These days, nobody watches TV. But everybody goes online. And what is the blood that keeps the internet alive? Content. From marketing campaigns to information about filing taxes, companies and governments create mountains of content each year.

A content strategist is someone who helps to make sure this content is efficient, effective, and accurate. A content strategist at a government agency might work to make sure that people find the tax information they need on the website. A content strategist at a company might help sell more products. It’s a fast-growing job and there are no signs of companies or governments creating less content in the future.

How to get started? Content strategy is a new field. You don’t need a business degree or any particular certification. Lots of History and humanities majors have turned content strategy into their careers. A good place to begin is with the book Content Strategy for the Web, a foundational text. Confab is a yearly conference that attracts the best minds in content strategy.
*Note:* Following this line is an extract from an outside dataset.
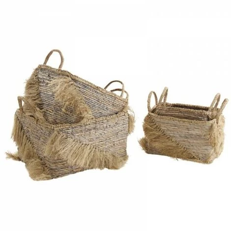 Corbeilles de rangement rectangulaires en bananier avec franges, 2 anses.Matières : Bananier et sisal

Also, content strategists should know the basics of UX, marketing, and SEO. Look up content strategists on LinkedIn and ask them for advice to help you break into this field.


Yes, History majors can be developers. In fact, I personally know a History major from Princeton who decided one day to quit his job (he worked at the desk beside me), go to a local coding bootcamp, and become a developer. I was worried for him. Six months later, he had a full-time job as a developer for a publically traded company.

If you want to develop products for Facebook or be paid 300K to play ping pong at Dropbox, it’s time to have a talk. Do you love development? Do you love coding? Are you obsessed with getting better at coding? Because the developers you hear about getting paid huge sums of money are really good at their jobs. Coding is their craft and they’ve worked for years at this skill.

At the same time, there’s lots of work and opportunity for people willing to develop some skills and learn a coding language.

With web development, it’s pretty easy to get a job at an agency with a decent amount of skills. It’s also easy and lucrative to work for a small company as a freelancer.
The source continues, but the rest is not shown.